The patent contains multiple claims, with Claim 1 serving as the foundational independent claim. The claims can be categorized as follows:

Method of Treatment Claims:

• Claim 1: This is the primary method of treatment claim. It covers a method for treating a patient with a PD-1-mediated condition. The method involves administering a therapeutically effective amount of an anti-PD-1 antibody. Key defining features of the antibody include its binding affinity to human PD-1 (KD ≤ 10 nM) and its pharmacokinetic profile in cynomolgus monkeys (half-life ≥ 10 days).
• Claim 2: Dependent on Claim 1, this claim further specifies that the anti-PD-1 antibody is a humanized antibody.
• Claim 3: Dependent on Claim 1, this claim specifies that the anti-PD-1 antibody is a human antibody.
• Claim 4: Dependent on Claim 1, this claim defines the antibody as comprising specific heavy and light chain variable region amino acid sequences, or CDRs, as set forth in the patent.
• Claim 5: Dependent on Claim 1, this claim specifies that the PD-1-mediated condition is cancer.
• Claim 6: Dependent on Claim 5, this claim lists specific types of cancer, including but not limited to melanoma, non-small cell lung cancer (NSCLC), renal cell carcinoma, bladder cancer, and colorectal cancer.
• Claim 7: Dependent on Claim 5, this claim specifies that the cancer is a solid tumor.
• Claim 8: Dependent on Claim 1, this claim specifies that the PD-1-mediated condition is an infectious disease.
• Claim 9: Dependent on Claim 8, this claim lists specific types of infectious diseases, including but not limited to HIV, hepatitis B, and hepatitis C.

Antibody Claims:

• Claim 10: This independent claim covers an anti-PD-1 antibody characterized by its binding affinity to human PD-1 (KD ≤ 10 nM) and its half-life in cynomolgus monkeys (≥ 10 days).
• Claim 11: Dependent on Claim 10, this claim specifies that the antibody is a humanized antibody.
• Claim 12: Dependent on Claim 10, this claim specifies that the antibody is a human antibody.
• Claim 13: Dependent on Claim 10, this claim specifies that the antibody comprises specific heavy and light chain variable region amino acid sequences, or CDRs, as set forth in the patent.
• Claim 14: Dependent on Claim 10, this claim describes the antibody further by reference to specific figures within the patent document, which illustrate particular CDR sequences.

Formulation Claims:

• Claim 15: This independent claim covers a pharmaceutical composition comprising an anti-PD-1 antibody as defined in Claim 10 and a pharmaceutically acceptable carrier.
• Claim 16: Dependent on Claim 15, this claim specifies that the pharmaceutical composition further comprises one or more additional therapeutic agents.
• Claim 17: Dependent on Claim 16, this claim lists examples of additional therapeutic agents, such as chemotherapy agents, other antibodies, or cytokines.

Summary of Claim Scope:

The patent broadly claims methods of treating PD-1-mediated conditions using an anti-PD-1 antibody with specific in vitro binding and in vivo pharmacokinetic properties. It also claims the antibody itself and pharmaceutical compositions containing it. The claims are drafted to encompass a range of PD-1-mediated conditions, particularly cancers, and allow for co-administration with other therapies. The specific antibody sequence information provided in some dependent claims further narrows the scope for those particular embodiments.

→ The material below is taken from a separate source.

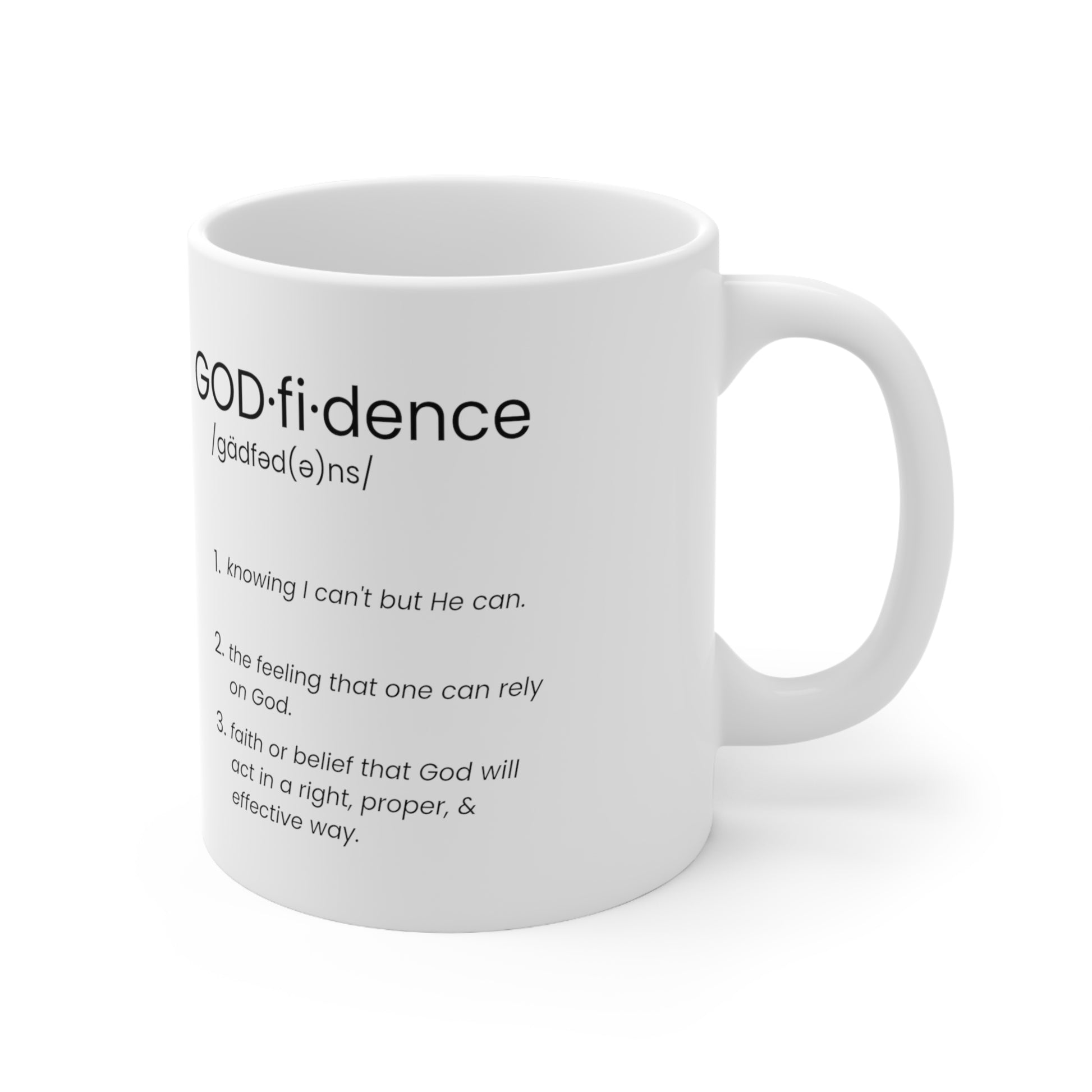 Una de nuestras favoritas. Esta taza no solo sostiene tu bebida perfecta, sino que también te impulsa con 'Godfidence', una combinación poderosa de confianza y fe. Con un mensaje de fe, esta taza es un recordatorio diario de confiar en tus habilidades mientras te apoyas en la fuerza divina. Cada sorbo es un acto de fortaleza y conexión espiritual. Deja que esta taza sea tu compañera en el viaje, infundiendo cada día con la confianza que proviene de una fe inquebrantable. ¡Vive con 'Godfidence' y afronta cada desafío con la certeza de que estás respaldado por algo más grande!

What is the asserted therapeutic target and mechanism of action?

The asserted therapeutic target is Programmed Cell Death protein 1 (PD-1). PD-1 is an inhibitory receptor expressed on the surface of activated T cells, B cells, and myeloid cells. Its primary function is to regulate the immune response and prevent autoimmune diseases by dampening T cell activity [2].

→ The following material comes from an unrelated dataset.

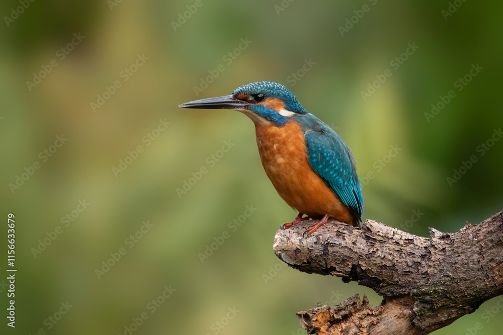 Kinfisher (Alcedo atthis) perched on branch Showing front and side of bird

The mechanism of action involves blocking the interaction between PD-1 and its ligands, Programmed Death-Ligand 1 (PD-L1) and Programmed Death-Ligand 2 (PD-L2). These ligands are often expressed by tumor cells and can induce T cell exhaustion, allowing the tumor to evade immune surveillance. By binding to PD-1, the anti-PD-1 antibody prevents PD-1 from interacting with its ligands, thereby releasing the brake on the immune system. This restoration of T cell function allows T cells to recognize and attack cancer cells. The patent defines the specific antibody by its binding affinity (KD ≤ 10 nM) to human PD-1 and its pharmacokinetic half-life in cynomolgus monkeys (≥ 10 days), suggesting a focus on antibodies with high potency and sustained systemic exposure for effective immune modulation in PD-1-mediated conditions [1].

What is the patent's landscape for similar technologies and competitors?

The patent landscape for anti-PD-1 antibodies is highly competitive and crowded, characterized by extensive patent filings from multiple pharmaceutical companies and research institutions. Bristol-Myers Squibb's patent 10,016,504 is part of this broader ecosystem protecting immunotherapies targeting the PD-1/PD-L1 pathway.

Key Competitors and Their Patents:

• Merck & Co. (Keytruda®): Merck holds foundational patents for pembrolizumab, including U.S. Patent 8,779,105, which covers antibodies that bind to PD-1. Their patent portfolio is extensive, covering various aspects of pembrolizumab's use and composition.
• Roche (Tecentriq®): While Tecentriq® is an anti-PD-L1 antibody, Roche also has a significant presence in the immuno-oncology space and has patents related to PD-1 pathway modulation.
• AstraZeneca (Imfinzi®): AstraZeneca's durvalumab is an anti-PD-L1 antibody. Similar to Roche, their patent strategy involves protecting various aspects of PD-1 pathway inhibition.
• Nivolumab (Opdivo®): Opdivo®, developed by Bristol-Myers Squibb, is the primary drug associated with the innovation protected by U.S. Patent 10,016,504. Bristol-Myers Squibb has a robust portfolio of patents covering nivolumab, its manufacturing, formulations, and therapeutic uses. Patent 10,016,504 specifically addresses certain characteristics of the anti-PD-1 antibody and its use in treating PD-1-mediated conditions.

Patenting Strategies:

Companies in this space employ multi-pronged patenting strategies:

• Composition of Matter Claims: These are the strongest claims, protecting the antibody molecule itself. U.S. Patent 10,016,504 includes such claims (Claim 10).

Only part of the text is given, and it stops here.